In each of the two sub-electrodes, a number of the first slit opening is different by one from a number of second slit opening.
In each of the two sub-electrodes, spacings between any two adjacent ones of a plurality of first slit openings are equal to each other, and spacings between any two adjacent ones of a plurality of second slit openings are equal to each other.
In each of the two sub-electrodes, widths and/or lengths of respective first slit openings are equal to each other, and widths and/or lengths of respective second slit openings are equal to each other.
Each of the two sub-electrodes includes two slit openings, and orthographic projections of the two slit openings on the reflection plate partially overlap each other.

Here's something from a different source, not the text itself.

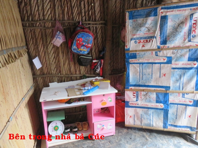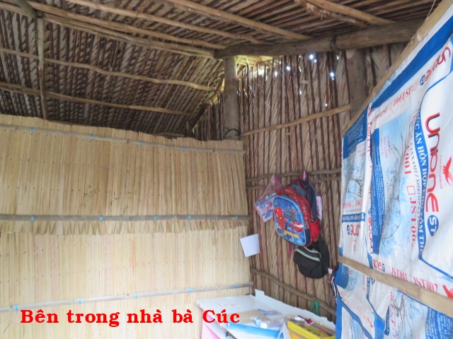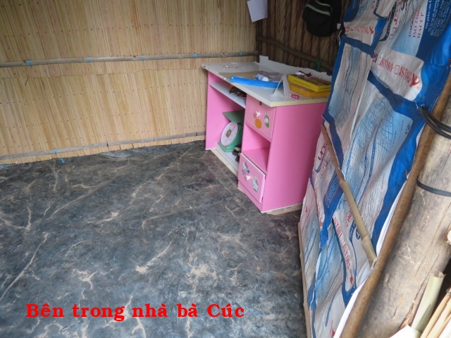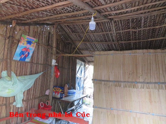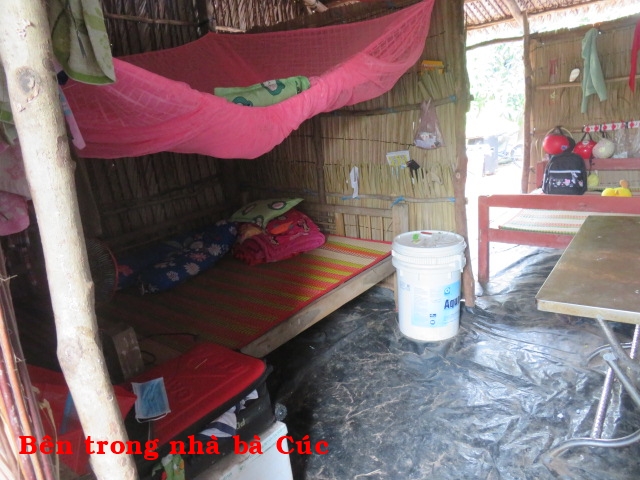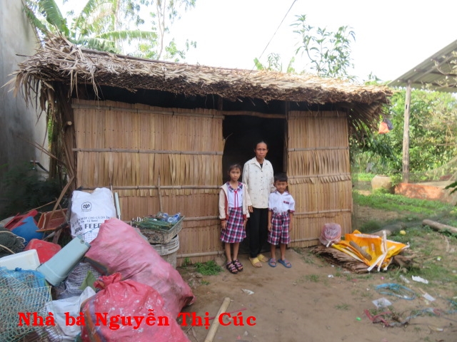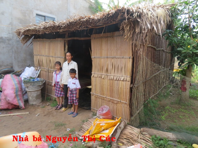 Bà Nguyễn Thị Cúc, 39t, nhà ở Khâu Băng, xã Thạnh Phong, huyện Thạnh Phú, tỉnh Bến Tre. Gia đình có 3 người: bà và 2 con. Chồng bà bỏ từ lúc mang bầu bé thứ nhì, nhà không có ruộng đất, hàng ngày đi mua về chai để nuôi con. Thu nhập chỉ đủ mua gạo, căn nhà được cất nay hơn 3 năm cột chôn bằng cây mắm. Hiện tại chân cột bị mụn mà không có tiền cất lại.
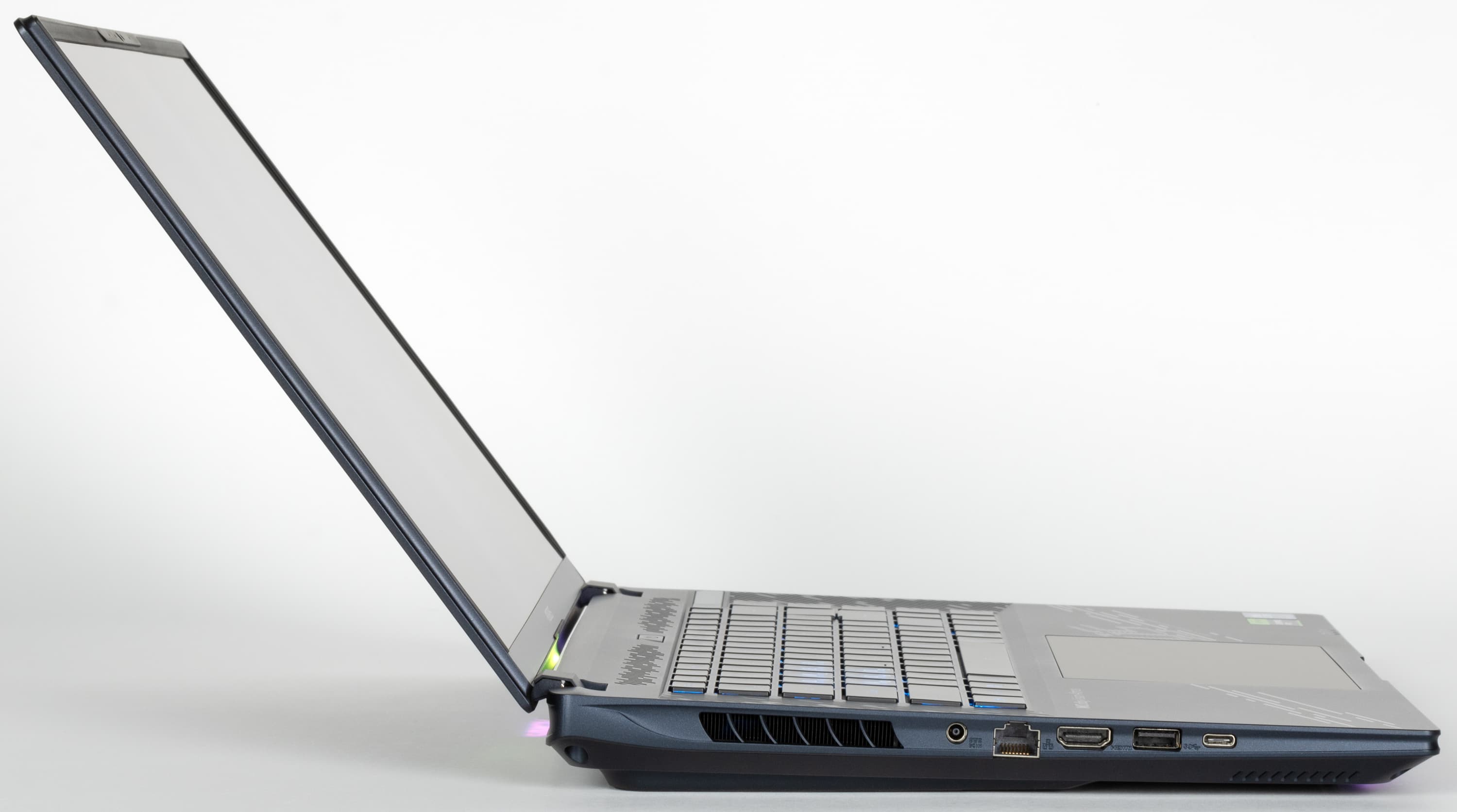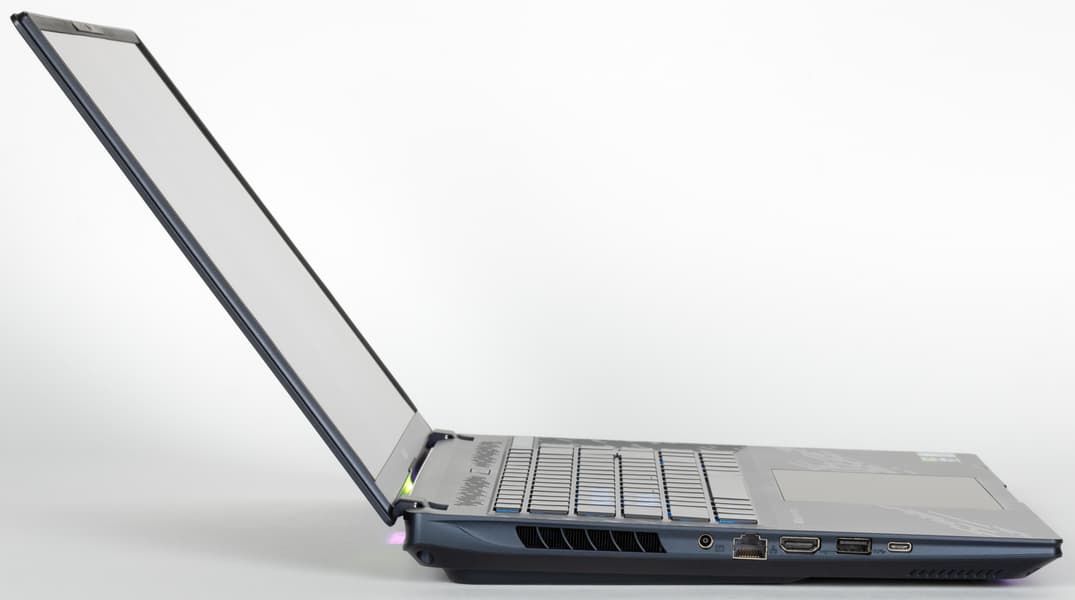 В ноутбуке используется 16-дюймовая OLED-матрица с разрешением 2560×1600 пикселей (отчет edid-decode). Для экрана обещаны соответствие критериям VESA Certified Display HDR True Black 500 и цветовой охват 100% пространства DCI-P3. Лицевая поверхность экрана изготовлена из стеклянной пластины, устойчивой к появлению царапин. Экран снаружи зеркально-гладкий. Улучшенных антибликовых свойств, снижающих яркость отраженных объектов, нет, однако по антибликовым свойствам экран этого ноутбука чуть-чуть лучше экрана планшета Google Nexus 7 (2013). Олеофобного покрытия нет. Впрочем, причин трогать экран тоже нет, так как он не сенсорный.

Each of the two sub-electrodes includes a first region and a second region arranged side by side along the extending direction of the slit opening in the sub-electrode; the slit openings include a first slit opening, a second slit opening, and a third slit opening; the first slit opening is in the first region, the second slit opening is in the second region, and the first slit opening and the second slit opening are arranged in one-to-one correspondence; one end of the third slit opening is in the first region and is arranged alternately with the first slit opening, and the other end of the third slit opening is in the second region and is arranged alternately with the second slit opening.
Orthographic projections of both ends of the third slit opening on the reflection plate overlap orthographic projections of the first slit opening and the second slit opening on the reflection plate, respectively.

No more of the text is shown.